那一瞬的静默实在是有些诡异,诡异到邬裕不得不继续自说自话往下圆——
“怪我怪我,不知道棠许生病了,见她状态有些紧绷,只想着让她喝口酒放松放松。”邬裕笑眯眯地看着棠许,“你不会怪邬叔叔吧?”
有的人虽然没学过川剧,可是变脸的效果真的是一绝。
邬裕年不过四十,刚才还让她自罚三杯,这会儿便自称叔叔起来。
也是,自称叔叔,就能跟燕时予平辈了。
想到这里,棠许忍不住又看向燕时予。
燕时予已经走到傅嘉礼另一侧,垂眸落座的间隙,眉宇之间疏离感似乎愈发浓厚。
甚至在抬眸看她的瞬间,还带着一丝令人心惊的暗沉。
棠许迅速收回视线,看向邬裕,“邬叔叔说哪里话。
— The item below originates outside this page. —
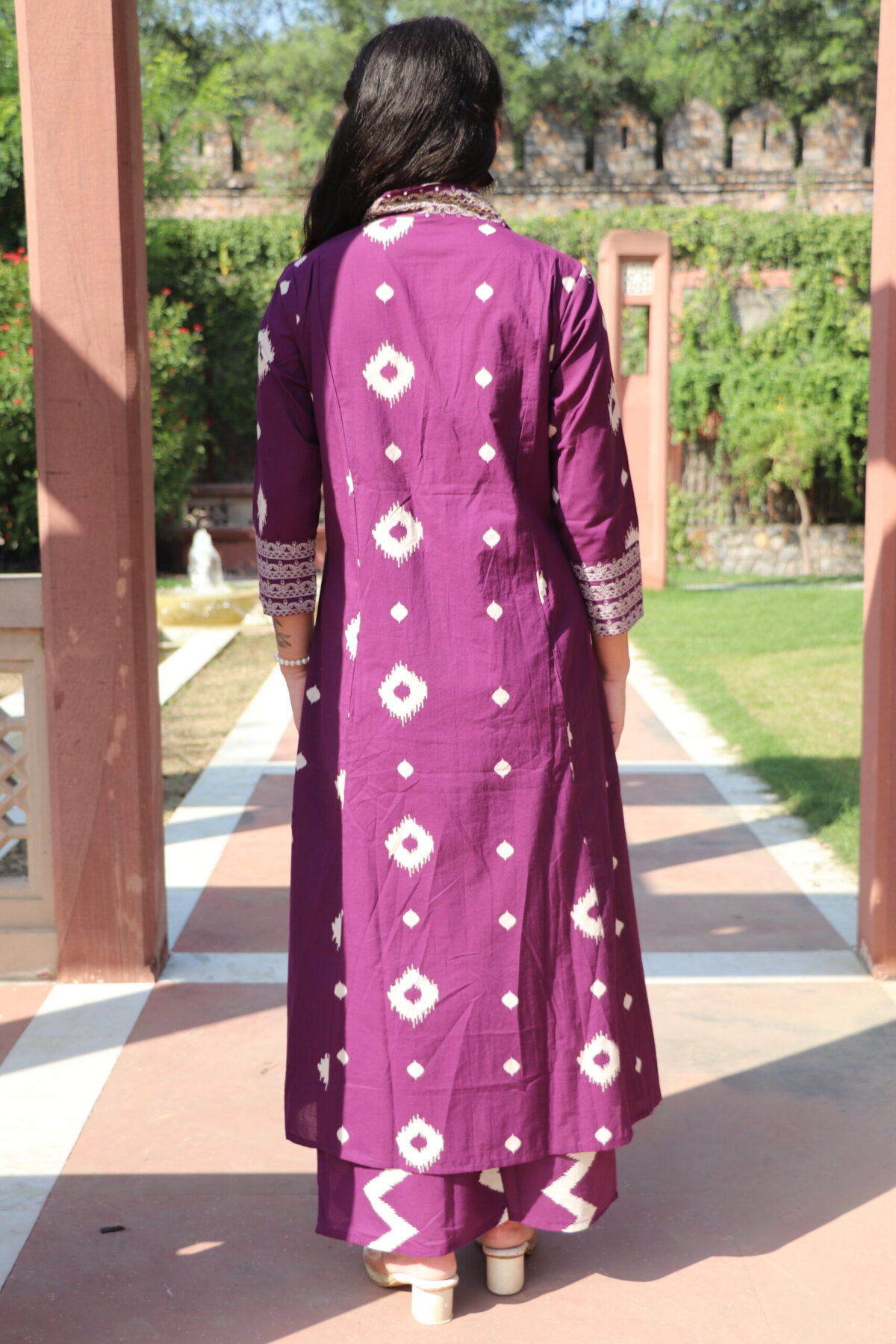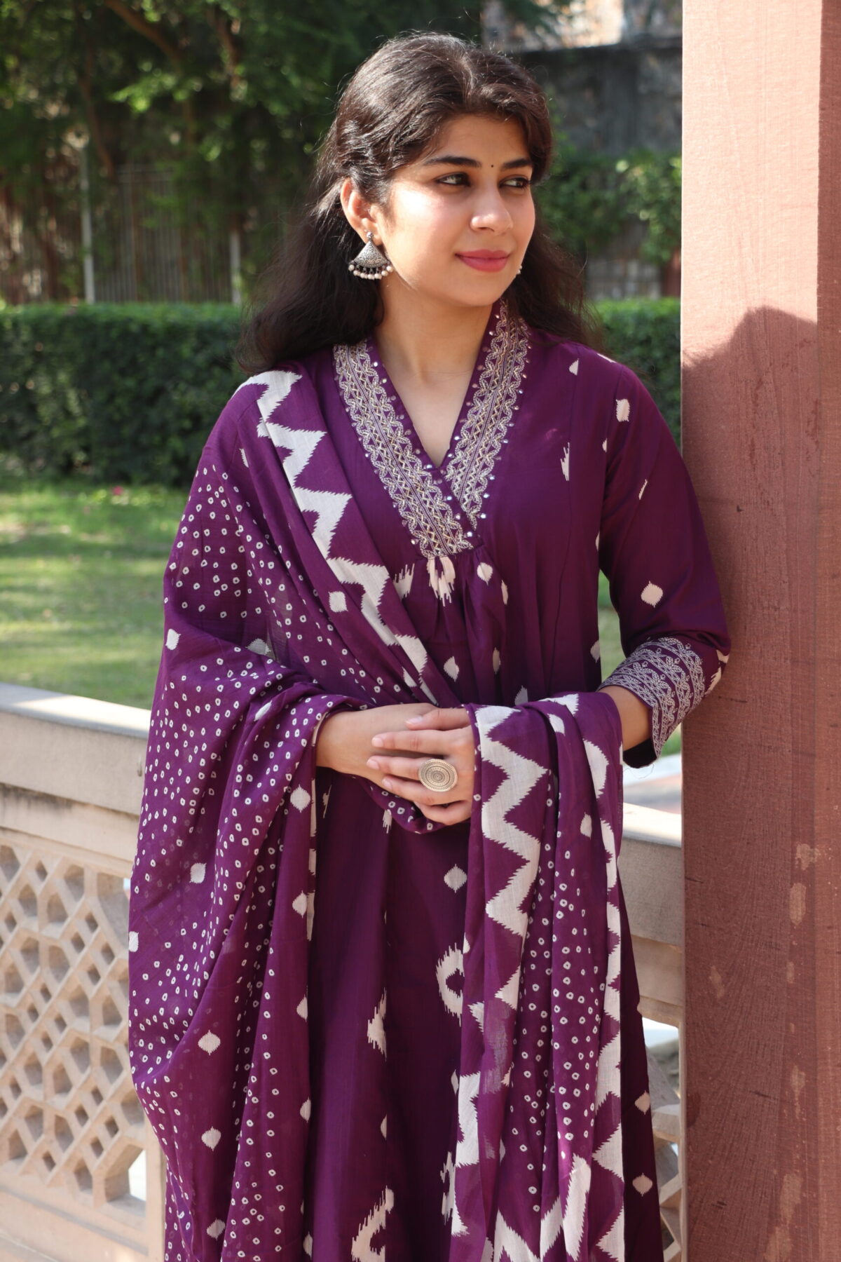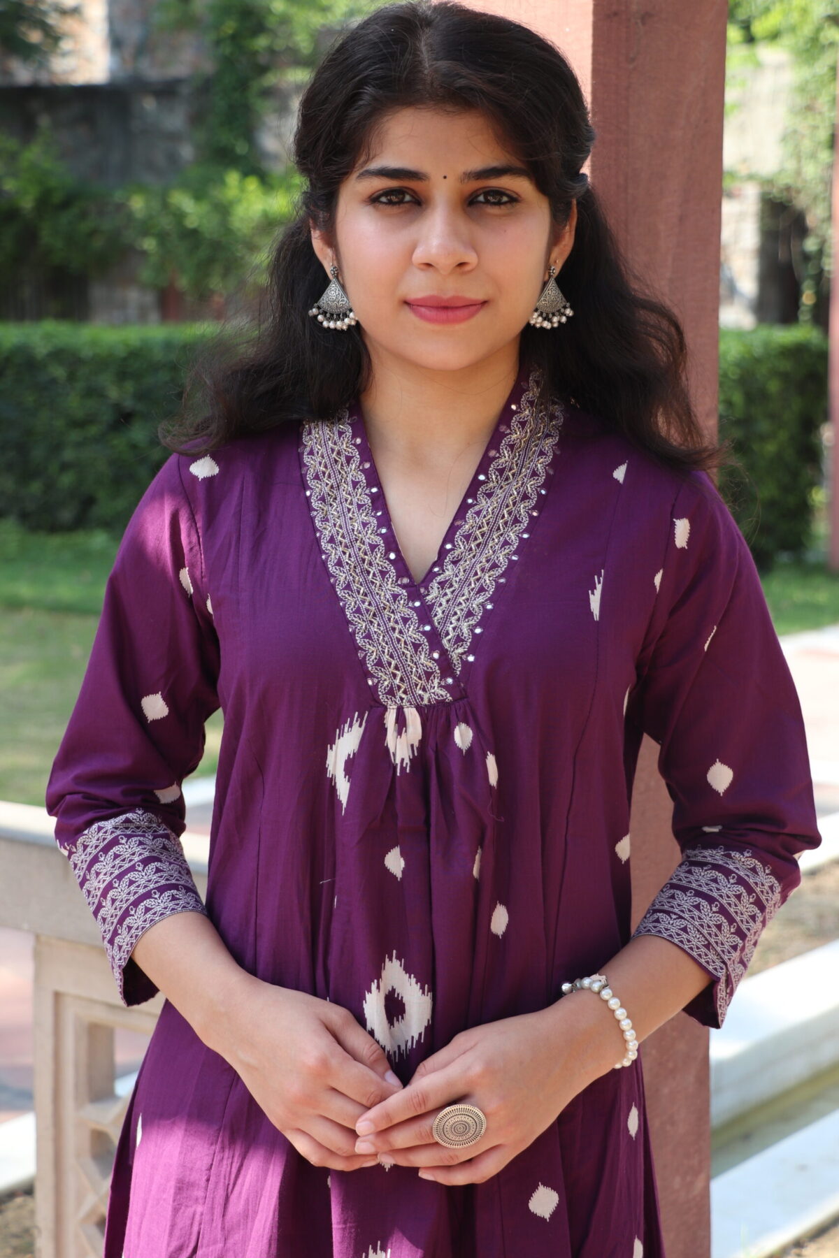 + Free ShippingElevate your ethnic style with our Royal Plum Embroidered Kurta Set with Dupatta, crafted in soft fabric with intricate embroidery and delicate ikat patterns for timeless elegance.

既然今天不方便,我们就改天再约,我随时都可以的。不打扰你们了。”
“你这话不就见外了?”邬裕却拉住了她,“有什么打扰不打扰的,你和我,和燕先生都是自家人,来都来了,不如就一起坐?傅先生不介意吧?”
傅嘉礼温文含笑,“当然不介意。”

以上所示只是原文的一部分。